On 15/11/12 09:38, ANNIE LI wrote:
> 
> 
> On 2012-11-15 15:40, Pasi Kärkkäinen wrote:
>> Hello,
>>
>> On Thu, Nov 15, 2012 at 03:03:07PM +0800, Annie Li wrote:
>>> This patch implements persistent grants for xen-netfront/netback. This
>>> mechanism maintains page pools in netback/netfront, these page pools is used to
>>> save grant pages which are mapped. This way improve performance which is wasted
>>> when doing grant operations.
>>>
>>> Current netback/netfront does map/unmap grant operations frequently when
>>> transmitting/receiving packets, and grant operations costs much cpu clock. In
>>> this patch, netfront/netback maps grant pages when needed and then saves them
>>> into a page pool for future use. All these pages will be unmapped when
>>> removing/releasing the net device.
>>>
>> Do you have performance numbers available already? with/without persistent grants?
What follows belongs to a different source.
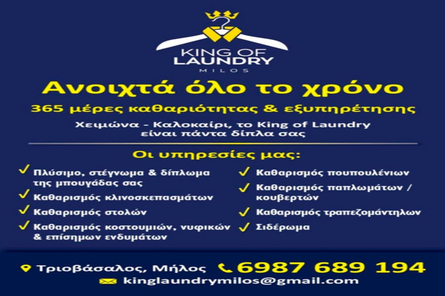 Το καθαριστήριο Ιματισμού King of Laundry στον Τριοβάσαλο παραμένει ανοιχτά όλο το χρόνο.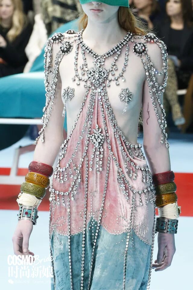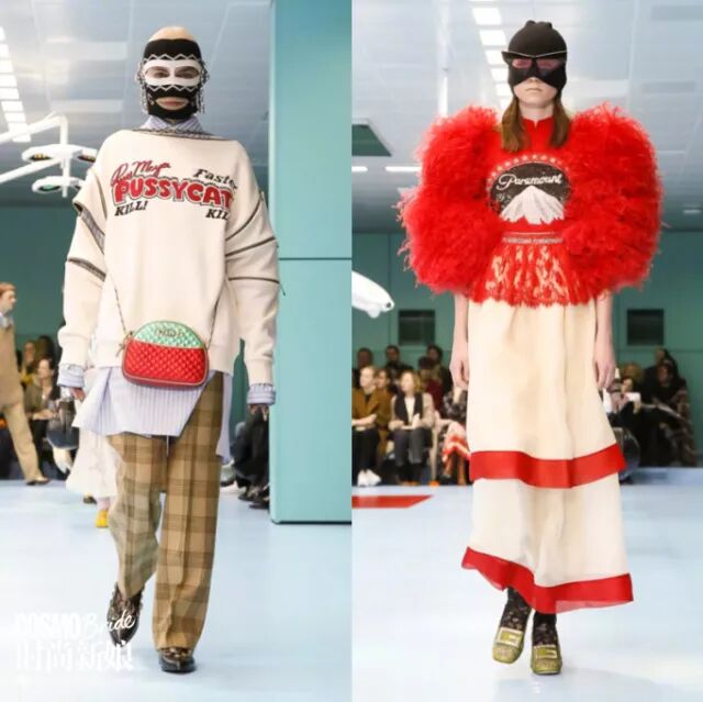 如果这些设计让你觉得困惑,不妨当做是一种开阔眼界,从Gucci式的美中寻找乐趣~下图向左划看看更多细节~

> I have some simple netperf/netserver test result with/without persistent 
> grants,
> 
> Following is result of with persistent grant patch,
> 
> Guests, Sum,      Avg,     Min,     Max
>   1,  15106.4,  15106.4, 15106.36, 15106.36
>   2,  13052.7,  6526.34,  6261.81,  6790.86
>   3,  12675.1,  6337.53,  6220.24,  6454.83
>   4,  13194,  6596.98,  6274.70,  6919.25
> 
> 
> Following are result of without persistent patch
> 
> Guests, Sum,     Avg,    Min,        Max
>   1,  10864.1,  10864.1, 10864.10, 10864.10
>   2,  10898.5,  5449.24,  4862.08,  6036.40
>   3,  10734.5,  5367.26,  5261.43,  5473.08
>   4,  10924,    5461.99,  5314.84,  5609.14

In the block case, performance improvement is seen when using a large
number of guests, could you perform the same benchmark increasing the
number of guests to 15?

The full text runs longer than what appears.